15th Governor of Coahuila and Texas
- In office 8 January 1834 – 23 July 1834
- Preceded by: Juan Martín de Veramendi
- Succeeded by: Juan José Elguézabal

Personal details
- Profession: Political

= Francisco Vidaurri y Villaseñor =

Governor of Coahuila y Texas (1834)

José Francisco Vidaurri y Villaseñor was the governor of the Mexican province of Coahuila y Texas for a brief period in 1834. He was a strong advocate of Mexican federalism and was a member of the convention for the founding of the Republic of Rio Grande in 1840.

== Biography ==
Vidaurri y Villaseñor was the half-brother of Pedro José Vidaurri y de la Cruz, who was the father of the Mexican politician Santiago Vidaurri.

Villaseñor was appointed governor of the Mexican province of Coahuila y Texas in 1833 or early 1834, taking over the government of the province on 8 January of the latter year. However, he only remained in the government until 23 July, when he was replaced by Juan José Elguézabal as governor of the province.

As a defender of federalism, he traveled to San Antonio, Texas in August of that year in order to obtain support for the federalist party. Villaseñor defended that the entire population of northern Mexico was in favor of that political ideology, unlike the population of the South. He believed that the population of the South was "ignorant" and that was more permissive of despotic governments (he pointed out that the southerners "can only be governed by a despotism") because they supported centralism. Villaseñor also defended the independence of northern Mexico, posing it as an independent country. His defense of the region's independence was based on the aforementioned political differences between the north and the south (i.e., a federalist north versus a centralist south). In fact, Villaseñor was sure that his proposal would be successful and that the north of Mexico would obtain its independence, regardless of whether Texas became a republic or remained part of Mexico. However, the Texas press, which belonged to Anglo-Saxon publishers (such as Telegraph and Texas Register) was opposed to Texas remaining in Mexico, although it supported the federalists.
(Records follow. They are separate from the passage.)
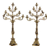
Pair 19th C. French Empire Bronze 7-Light Candelabras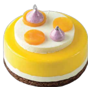
Mango & Lychee Mousse 香芒荔枝慕絲 1lb磅 $258 · 1pc件 $68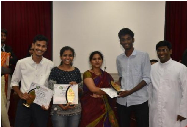
Winners awarded with Mementos and Certificates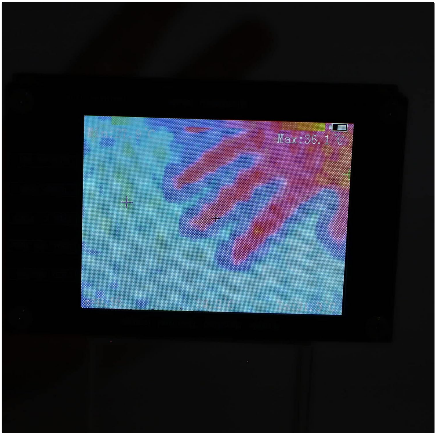
Image 4.2: The thermal imager's screen showing a thermal representation of a human hand, with temperature readings.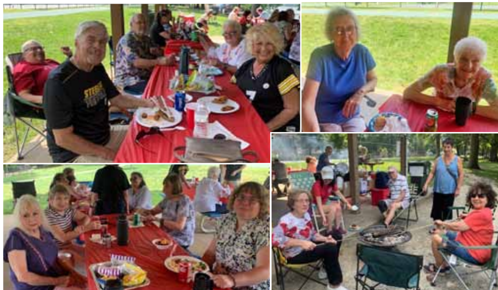
Members and friends of Branch 296 gathered Sept. 18 at Riverview Park in Oakmont, PA for the branch's first bacon roast since 2019.

Looking back at 2022, Branch 296 was able to return to a more regular meeting schedule. Our bacon roast also returned, and everyone had a great time. It is always a pleasure seeing familiar and new faces. Thank you to all who joined us and contributed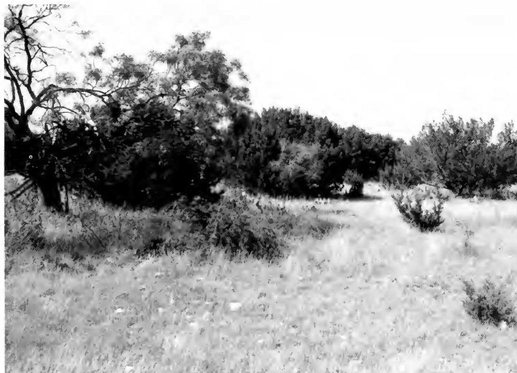
Fig. 6. Dense live oak-juniper-mesquite brushland near the southern county line.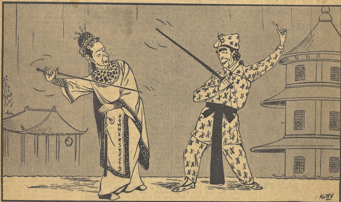
Mr. Dag Hammarskjöld is continuing his talks with Mr. Chou En-lai.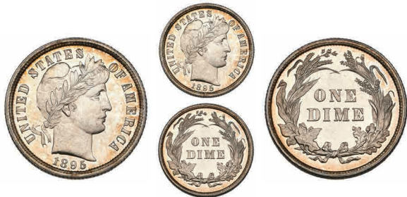
560 U.S.A., proof dime, 1895, an essentially flawless gem mint state example with light gold toning to the fully reflective surfaces, in PCGS holder graded PR66CA £650-850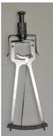
Figure 2. Schiøtz tonometer (source: archives of Clinic for Surgery, Orthopedics and Ophthalmology, Faculty of Veterinary Medicine University of Zagreb)

Indentation tonometry can be performed by applying Schiøtz tonometer (cf. Figure 2) with a standard force to the cornea. Indentation tonometers rely on gravity for an accurate reading and should be placed vertically on horizontal placed corneal surface. Due to restraint of patient and the awkward head positioning, it is very difficult to perform it on small animals, plus ocular rigidity can vary a lot in dogs and influence accuracy of measurement. (MAGGS, 2008a). Tono-pen ® (cf. Figure 3) and TonoVet ® (cf. Figure 4) tonometers are both used in everyday practice (LEWIN, 2021). Advantages of the Tono-pen include the ease of use, the accuracy, the head of the patient does not need to be held vertically and so repeated measurements are easier to take, the probe tip is small so it can be covered with a disposable latex cap and it can be applied to non-diseased part of the cornea, also IOP is directly displayed in mmHg on the instrument. Applanation tonometry relies on that force required to flatten surface of a sphere is equal to the pressure inside the sphere. It is performed by gently touching corneal surface with the tip of the instrument through multiple light ‘blotting’ movements.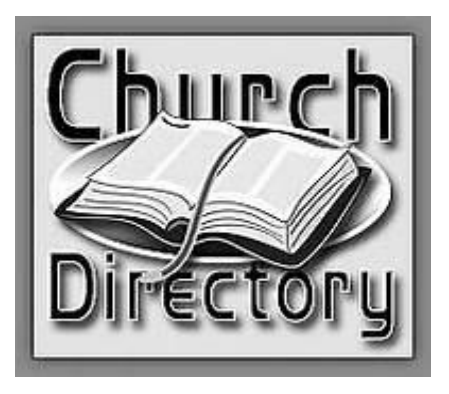
2 More Days To Sign-Up For Directory Pictures

Please Use The QR Code (in the church bulletin) Or Check With The Church Office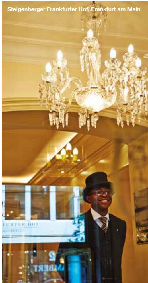
Steigenberger Frankfurter Hof, Frankfurt am Main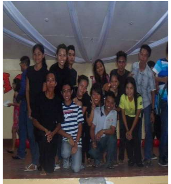
Group picture after the event.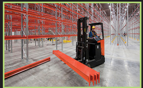
Pallet Rack Installation

Let Purdy Company handle all aspects of your project.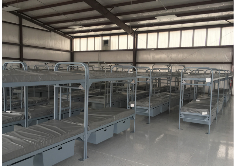
Bunk instillation at Hickman's Family Farms

"Hickman's has requested that due to its need to keep its critical operations running, it still needs the labor provided by ADCRR inmates," the letter said.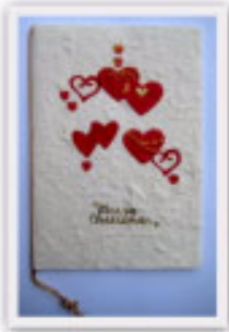
No. 12210 10 x 15 cm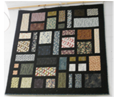
Wednesday 14 th February

Japanese Blocks with Alison Forbes. By popular demand we are putting on a course to make our much admired display quilt. Suitable for all levels. Machine Sewn. All Day 10.00am - 4.00pm.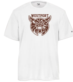
Performance short sleeve $18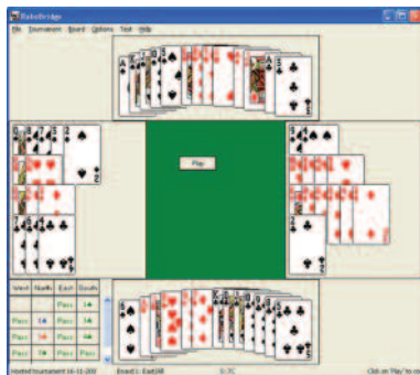
RoboBridge at play

While most programs can suggest what bid to make or what card to play, Jack is particularly flexible and can be set to hint only when requested or to comment on your bidding or play at the time or at the end of the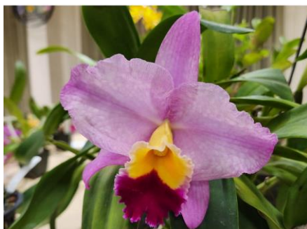
Cattleya Clive Brown 'Full Moon' (Horace x Orpetii)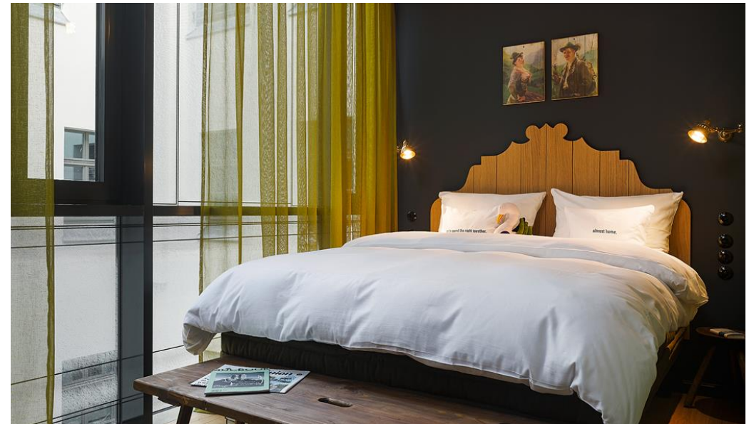
chamber from eur 169 grand chamber from eur 189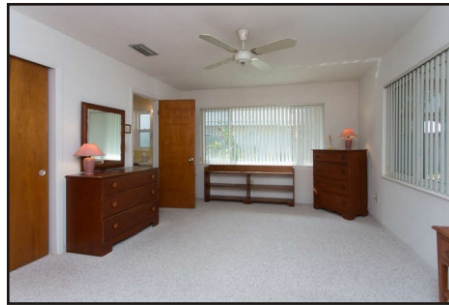
The Master suite features a quirky small bathroom that opens to the garage!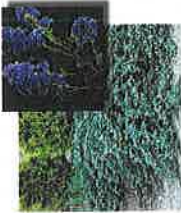
Ceanothus griseus horizontalis Carmel Creeper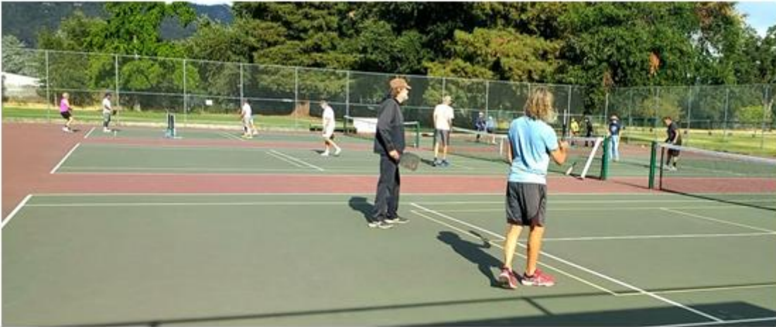
Even with a temporary court set up, all courts are full.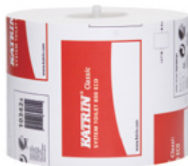
103424 Katrin Classic System Toilet ECO 2-ply, ECO, 800 sheets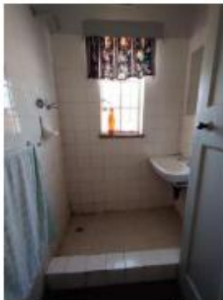
Shower with basin seperate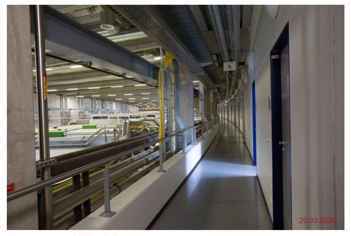
Empty corridors in PETRA III. The lightsource is currently on standby mode.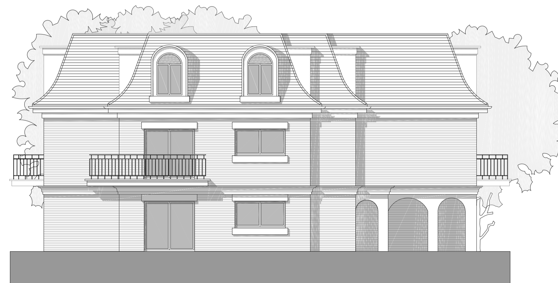
Proposed North (Side) Elevation Scale 1:100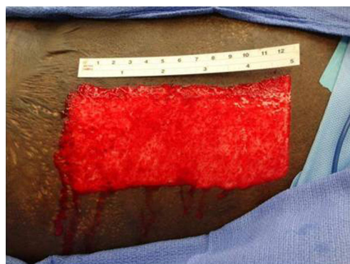
Fig. 5 Donor site at harvest

Patients with Scarlet Red experienced pain on the day of surgery, which limited their movement. Outer dressings were removed on the first post-operative day and it was allowed to dry. None of the patients with Scarlet Red had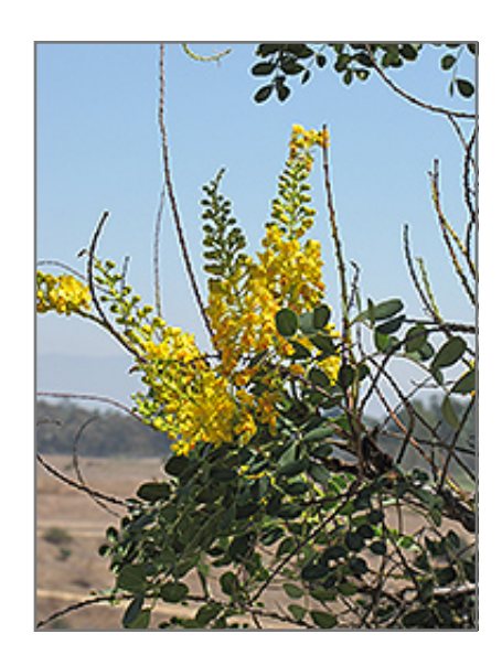
Cascalote flowers

This plant is native to the tropics and prefers growing in moist environments with evenly warm conditions all year round. In our climate, it is usually grown as an outdoor annual in the garden or in a container. If you want it to survive the winter, it can be brought in to the house and provided with special care, and then returned to the garden the following season. In its preferred tropical habitat, as a tree it can grow to be around 20 feet tall at maturity, with a spread of 18 feet. However, when grown as an annual or when overwintered indoors, it can be expected to perform quite differently, and its exact height and spread will depend on many factors; you may wish to consult with our experts as to how it might perform in your specific application and growing conditions.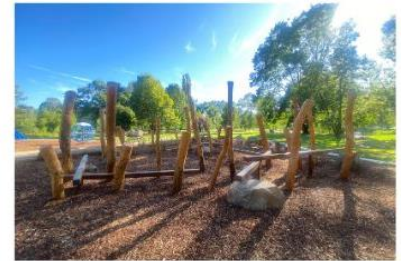
Upgrades and new amenities for Tumut Rotary Pioneer Park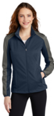
L718 Port Authority® Ladies Active Colorblock Soft Shell Jacket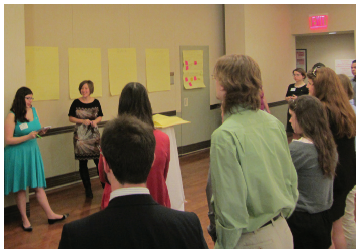
Reporting back from the Convention breakout discussion sessions

Seated on the floor; Croissants hover overhead. Talking sibling time.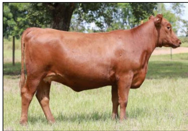
Lot 8 - JYJ Ms President K521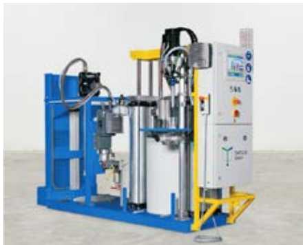
Design example of a TARDOSIL with 200 l tank (A) and 30 l pressure tank (B) with automatic refill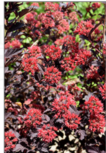
Center Glow Ninebark fruit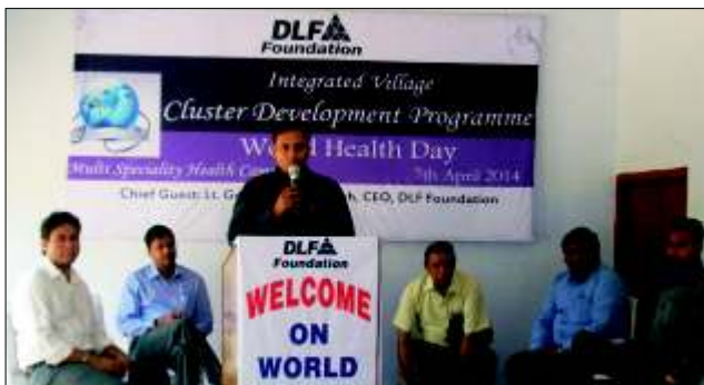
Celebrating World Health Day...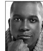
Leslie Odom, Jr.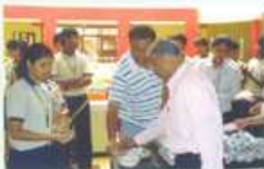
Welcome to Hostel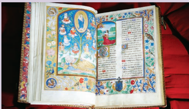
A Flemish Psalter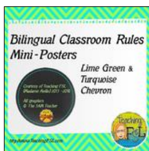
Bilingual Classroom Rules Posters

Here are some other FREE items I currently have available for download for your French class.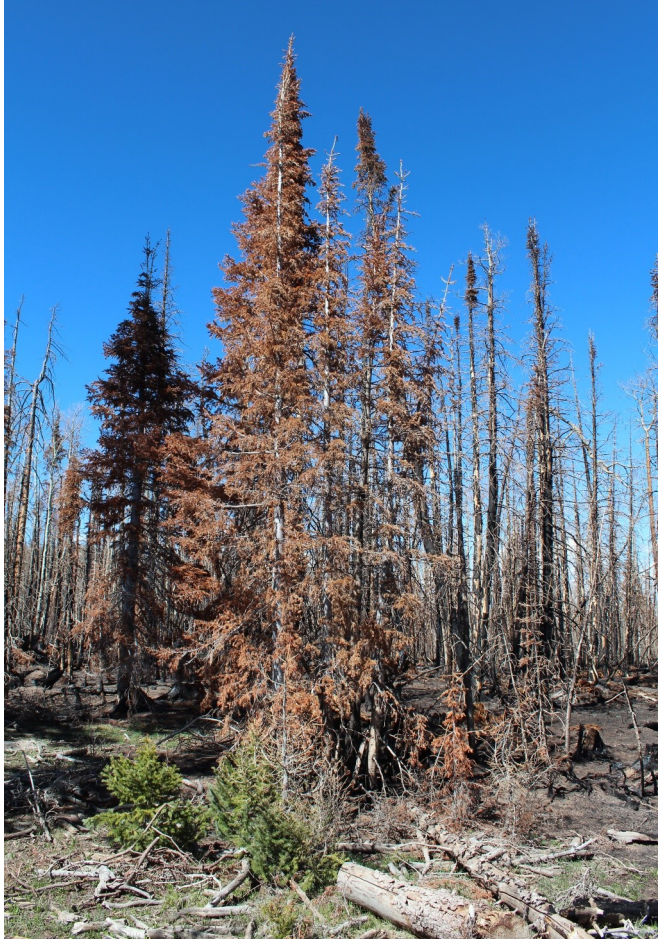
Results of Brian Head Fire.

Yocom (and other climate scientists) predict that as climate change continues to impact habitat suitability, species are likely to migrate uphill where temperatures are better suited for preferred (colder) growing conditions. Yocom will test if this is true for regenerating tree species that occur on the Brian Head Fire site.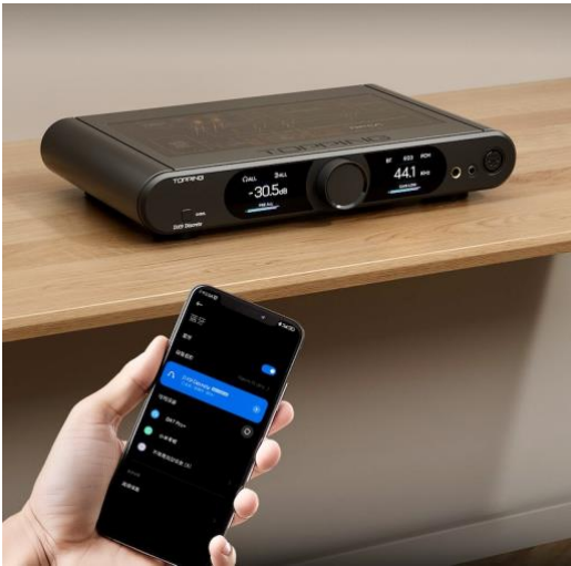
Left Technically innovative and eminently versatile with exceptional sonic ability, the DX9 Discrete is a remarkable DAC/headphone amp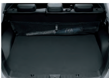
CARGO NET (REAR SEAT BACK)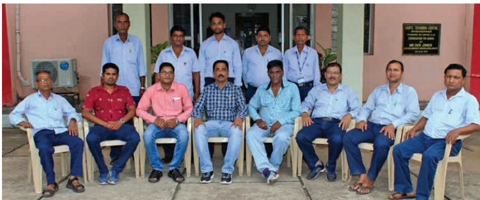
175 th TNE Refresher Training Program from 11 th March, 2020 to 21 th March, 2020 conducted by the internal trainers.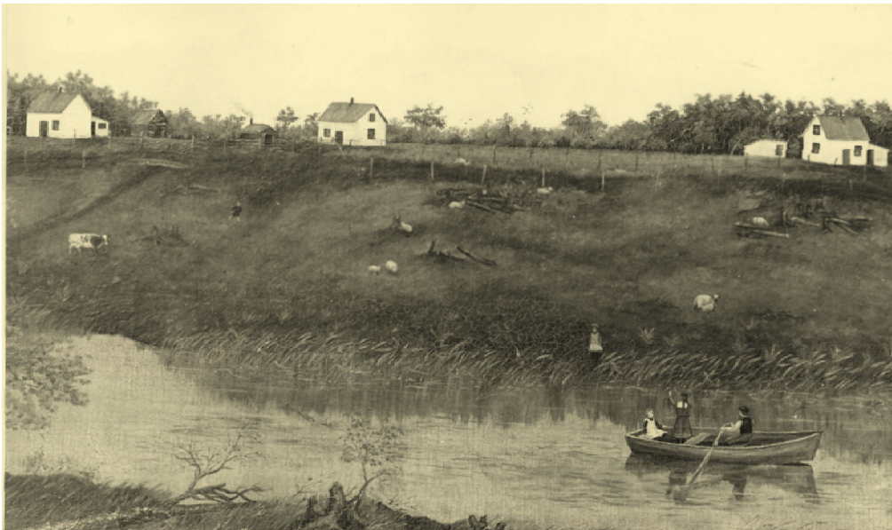
Figure 15 The Borgfjord family homestead in the Geysir settlement, as it appeared around the turn of the century. For 12 years these homes marked the western fringe of settlement along the Icelandic River.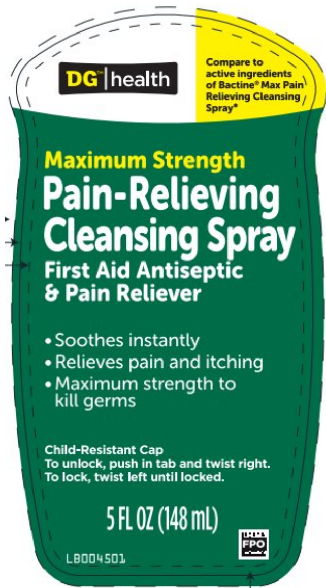
Principal Display Panel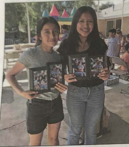
Photos were taken, printed and framed in order to give to members of the community their own family photos.

meet physical needs and share the hope of God's good news. The original plan was to take a team to Tijuana that day, to feed and serve the community in a very desperate area, Zona Norte, which is home to many rejected by society, due to drug addiction, prostitution and poverty. Circle of Concern partners with a local TI group that is educating street kids not in the traditional school system, to give them a better future. As well, every Saturday they feed over 250 in the community a hot meal, which may for some be the only meal they have that day. With the violence that occurred the Tijuana area, it was decided to postpone that trip until things have calmed down. But, with a volunteer team already in place, it felt wrong to cancel everyone's plans and so the team decided instead to come to Fallbrook where Pastor Marcello of Iglesia de Dios graciously opened his doors for the community event in his church's backyard.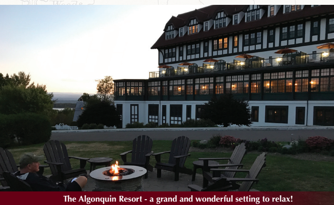
The Algonquin Resort - a grand and wonderful setting to relax!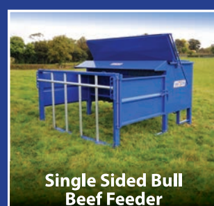
Single Sided Bull Beef Feeder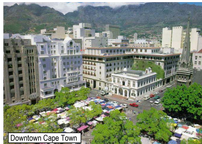
Downtown Cape Town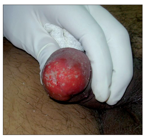
Figure 1: Bacillus Calmette Guerin induced balanitis: Multiple ulcers of size 2–3 mm in the peri-meatal location

varying from 3 to 5 cm, matted and nontender. There was no fluctuation. No other lymph nodes in the body were enlarged. There was no history of premarital or extramarital sexual exposure. There was no history of genital ulceration in the past. He had low grade fever and malaise at the time of presentation but there was no history of weight loss or chronic cough. Chest X-ray was within normal limits, and Mantoux was 8 mm at 48 hours. Tzanck smear for multinucleated giant cells as well as Venereal Disease Research Laboratory (VDRL) and HIV antibody tests were negative. Culture for herpes simplex virus was not done.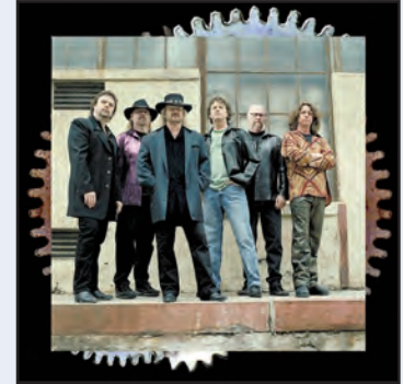
Charlie Daniels (pictured upper right) and 38 Special (pictured lower right) are among the national entertainers set for this year's July 4 event at the Sports Center. Did you know that in recent past July 4 events, an estimated 75,000 people have been on the grounds of the Sports Center, and that an estimated additional 30,000 watched the fireworks from peripheral locations?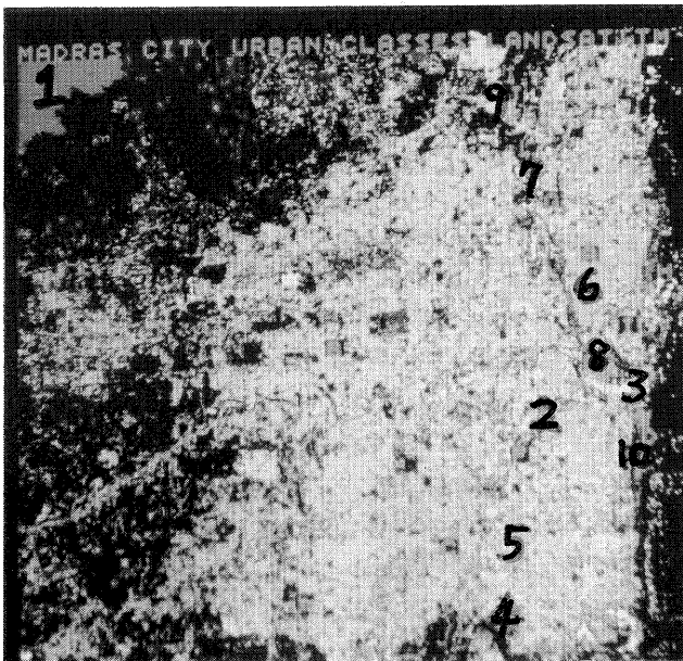
Fig.3 Original(MADRAS CITY)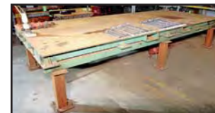
6' X 15' WELDING TABLE

(2) RIDGID 1224 PIPE THREADING MACHINE W/SET OF DIES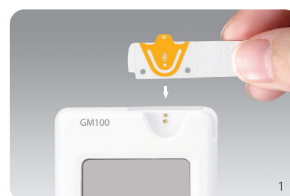
Friendly-large strip hand bar

On 17 January 1840, Villaseñor participated in a convention held in Laredo, Texas to proclaim the so-called República de Río Grande. The new republic would consist of the states of Coahuila, Tamaulipas, and Nuevo León and would be an independent country from Mexico. This convention consisted of Jesús de Cárdenas (president of the convention), Antonio Canales Rosillo (commanding general of the army), Juan Nepomuceno Molano (the delegate of Tamaulipas), Manuel María de Llano (the delegate of Nuevo León), and José María Jesús Carbajal (the secretary of the convention), as well as Villaseñor, who served as the delegate of Coahuila. However, the new country only lasted 293 days, as Mexican General Mariano Arista forced its dissolution. The country was dissolved on 6 November 1840.